Lando Norris heeft laten weten dat hij nog niet volledig het juiste gevoel heeft met de McLaren MCL39. Hoewel hij het seizoen begon met een overwinning in Australië, blijft teamgenoot Oscar Piastri hem sinds die race structureel voor.
Piastri won drie van de vier daaropvolgende Grands Prix en heeft daarmee een voorsprong van tien punten opgebouwd.
“Er zijn bepaalde dingen die me niet het gevoel geven dat ik nodig heb. En dat zijn net de dingen die me in staat stellen om op mijn hoogste niveau te rijden,” aldus Norris tijdens de persconferentie in Miami.
Volgens Norris gaat het om minimale details die op het hoogste niveau het verschil maken tussen een polepositie en een vierde startplek.
Hij wijst erop dat hij niet plotseling de controle over de auto kwijt is, maar dat de fijngevoeligheid in bepaalde omstandigheden ontbreekt.
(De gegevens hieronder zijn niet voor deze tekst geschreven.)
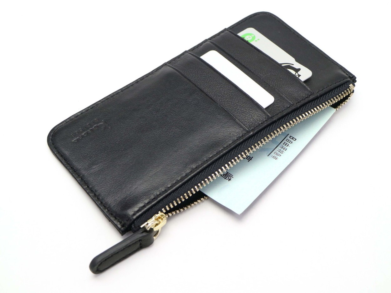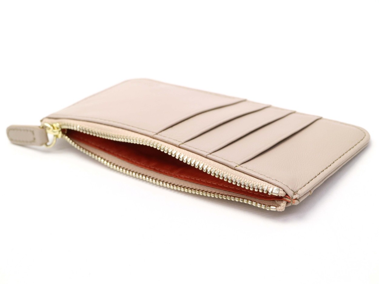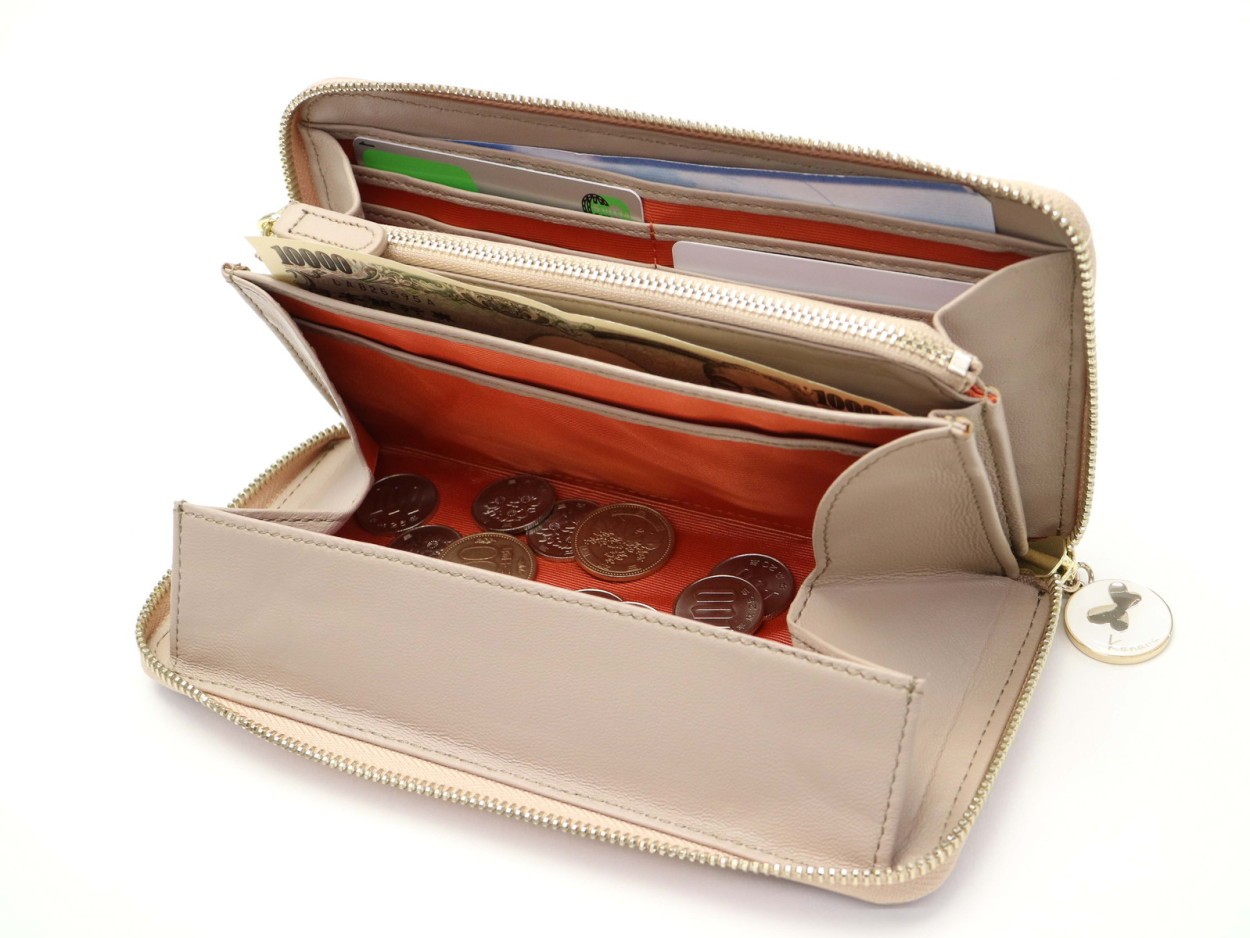 カードポケットが奥まで見やすいよう、広めに開く設計に。一番手前の収納は大きく開き見やすいため、小銭入れに最適です。
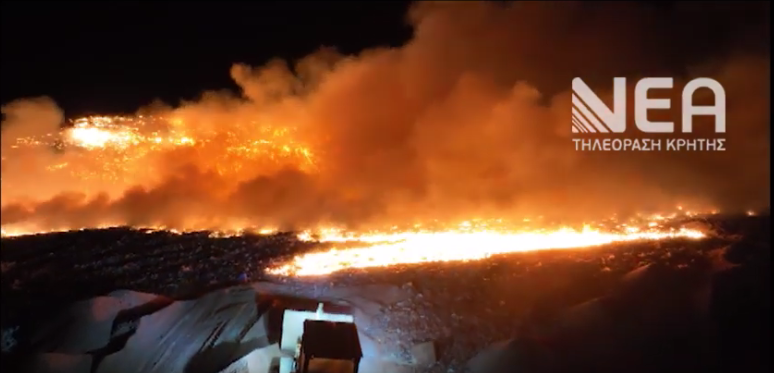 Βίντεο: Φωτιά στο Χώρο Υγειονομικής Ταφής της ΔΕΔΙΣΑ – Κανονικά η αποκομιδή απορριμμάτων

Verschillende reacties op hetzelfde DNA
McLaren heeft bevestigd dat de MCL39 op enkele punten anders aanvoelt dan zijn voorganger. Voor Oscar Piastri lijkt dat eerder een voordeel dan een obstakel.
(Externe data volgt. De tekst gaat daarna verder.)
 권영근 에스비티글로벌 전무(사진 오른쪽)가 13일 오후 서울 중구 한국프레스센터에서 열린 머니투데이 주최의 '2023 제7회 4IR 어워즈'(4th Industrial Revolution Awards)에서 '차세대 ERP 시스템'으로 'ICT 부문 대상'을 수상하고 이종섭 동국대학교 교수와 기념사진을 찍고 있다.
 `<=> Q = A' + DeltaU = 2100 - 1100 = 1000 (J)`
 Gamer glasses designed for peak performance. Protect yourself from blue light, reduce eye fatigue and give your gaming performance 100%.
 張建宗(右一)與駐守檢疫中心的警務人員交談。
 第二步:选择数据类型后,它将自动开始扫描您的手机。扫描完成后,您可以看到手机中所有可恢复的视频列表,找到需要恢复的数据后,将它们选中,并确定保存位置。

Hij heeft zich snel aangepast aan de karakteristieken van de nieuwe auto, terwijl Norris worstelt om het vertrouwen van eind 2024 te hervinden.
“Misschien kan hij zich van nature makkelijker aanpassen. En ik denk ook dat het onze taak als coureurs is om dat te doen,” erkende Norris.
Tegelijkertijd benadrukt hij dat het team ook de verantwoordelijkheid draagt om de auto zó af te stellen dat een coureur het maximale eruit kan halen.
De balans tussen coureur en auto is momenteel voor Piastri beter dan voor Norris, wat in de resultaten duidelijk naar voren komt.
Norris wil zich niet verliezen in speculaties over de prestaties van zijn teamgenoot. Hij richt zich op het verbeteren van zijn eigen prestaties en ziet geen waarde in het zoeken naar verklaringen waarom Piastri op dit moment sneller is.
“Het is niet aan mij om te achterhalen of het beter past bij Oscar, of dat hij het gewoon beter doet. Daar wil ik geen tijd aan verspillen,” aldus Norris.
Zijn focus ligt op het verbeteren van zijn prestaties in cruciale sessies, met name in Q3. In eerdere kwalificatiesessies (Q1 en Q2) was hij vaak sneller, maar in de beslissende rondes valt het resultaat tegen.
Problemen waren niet zichtbaar in de voorbereiding
De zorgen van Norris kwamen pas aan het licht tijdens de eerste races van het seizoen. In de simulator had hij geen aanwijzingen dat de auto hem dit gevoel zou geven.
Op sommige circuits voelt het beter dan op andere, maar nergens is het consistent.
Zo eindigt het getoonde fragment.